Investing in small savings schemes like PPF, NPS and SSY is very easy, but even a small mistake can cost investors. If you default in investing in these accounts in any financial year, not only will you lose interest, but also a penalty.
new Delhi. For savings and investment, if you also invest money in schemes like PPF, NPS or Sukanya Samridhi, then there is very important news for you. You need to make minimum investment in these accounts before 31st March.
Actually, this is the last week to invest in tax saving schemes for the current financial year. You are also required to make a minimum investment every year in accounts like PPF, NPS and Sukanya. If this is not done then your account will become inactive and you will have to pay penalty instead of interest. It is better that you check whether the minimum investment has been made in the account before the last date passes.
PPF account: Minimum investment of 500 required
To keep the Public Provident Fund (PPF) active, you need to invest a minimum of Rs 500 annually.
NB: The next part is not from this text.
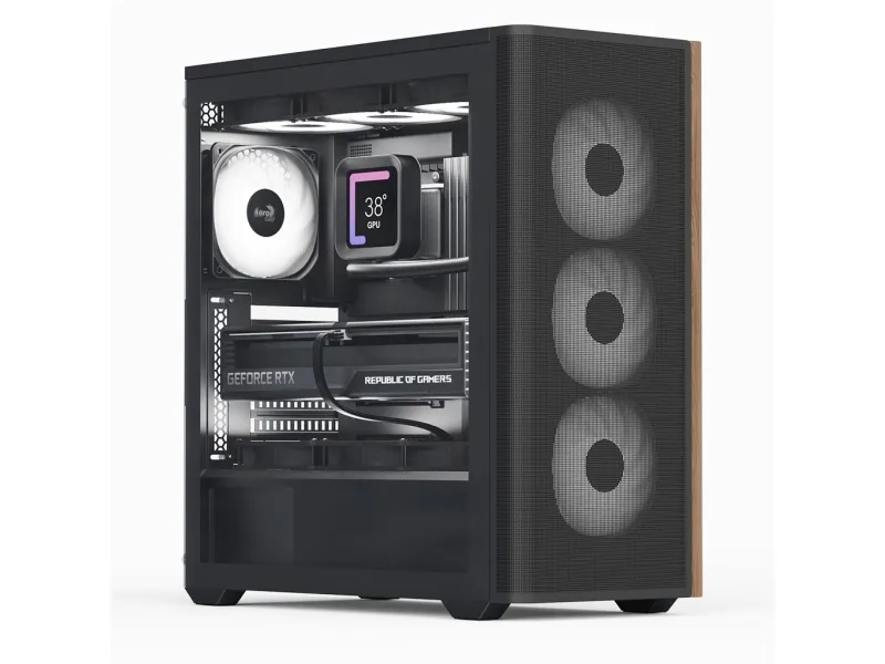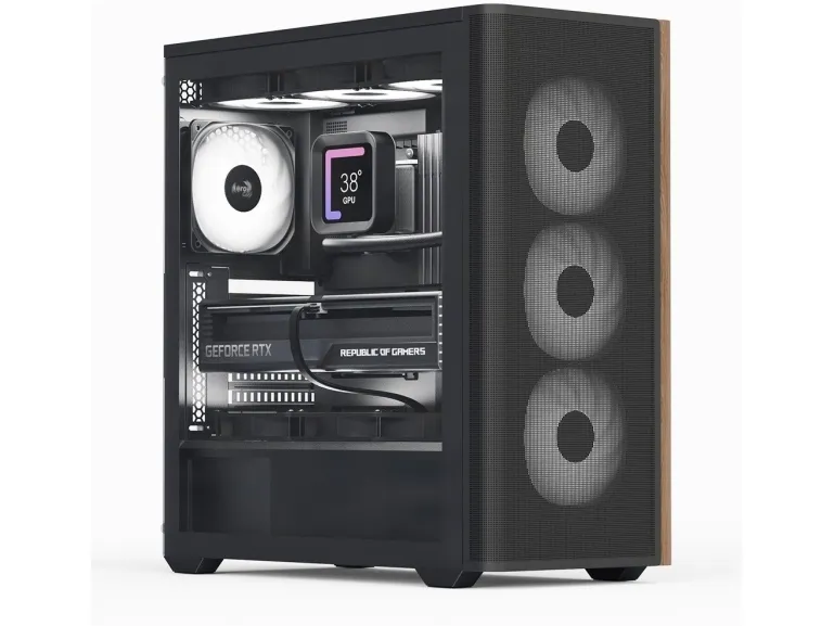 The AeroCool D501A features a wood-accented mesh front panel design, making it an appealing choice for a trendy mid-tower PC build. It supports liquid coolers up to 360mm and offers 11 fan slots, ensuring excellent cooling potential.

If you fail to do so, the account will become inactive and you will have to pay a fine of Rs 50 for restarting. It is worth noting that you can activate PPF account up to 15 days before maturity. Such accounts cannot be activated after the lapse of 15 years.
NPS account: Rs 1,000 required to be deposited annually
A minimum investment of Rs 1,000 is also required to be made annually in the National Pension System (NPS) account. This rule applies only to Tier-1 account of NPS, whereas in Tier-2 account you can put money at any time like a savings account. If you defaulted in the minimum investment, then in whatever year it happens, you will have to pay a penalty of Rs 100 to get the account activated again.
Sukanya Samriddhi Yojana: It is necessary to deposit Rs 250
You are also required to make a minimum investment annually in this account to be opened in the name of daughters. If you do not invest minimum 250 rupees in Sukanya account in any financial year then your account will be deactivated. To make it active again, with an investment of Rs 250, a fine of Rs 50 will also have to be paid. If your account has become inactive, then it is necessary to activate it before the daughter completes 15 years.
…then even interest will not be available
Investment experts say that there is a need to be very careful while opening an account in such government savings schemes. If you miss the minimum investment in any financial year, then you will not get any interest. Later, even if you activate the account by paying money and penalty, you will not get the interest for the defaulted year. This will do double damage.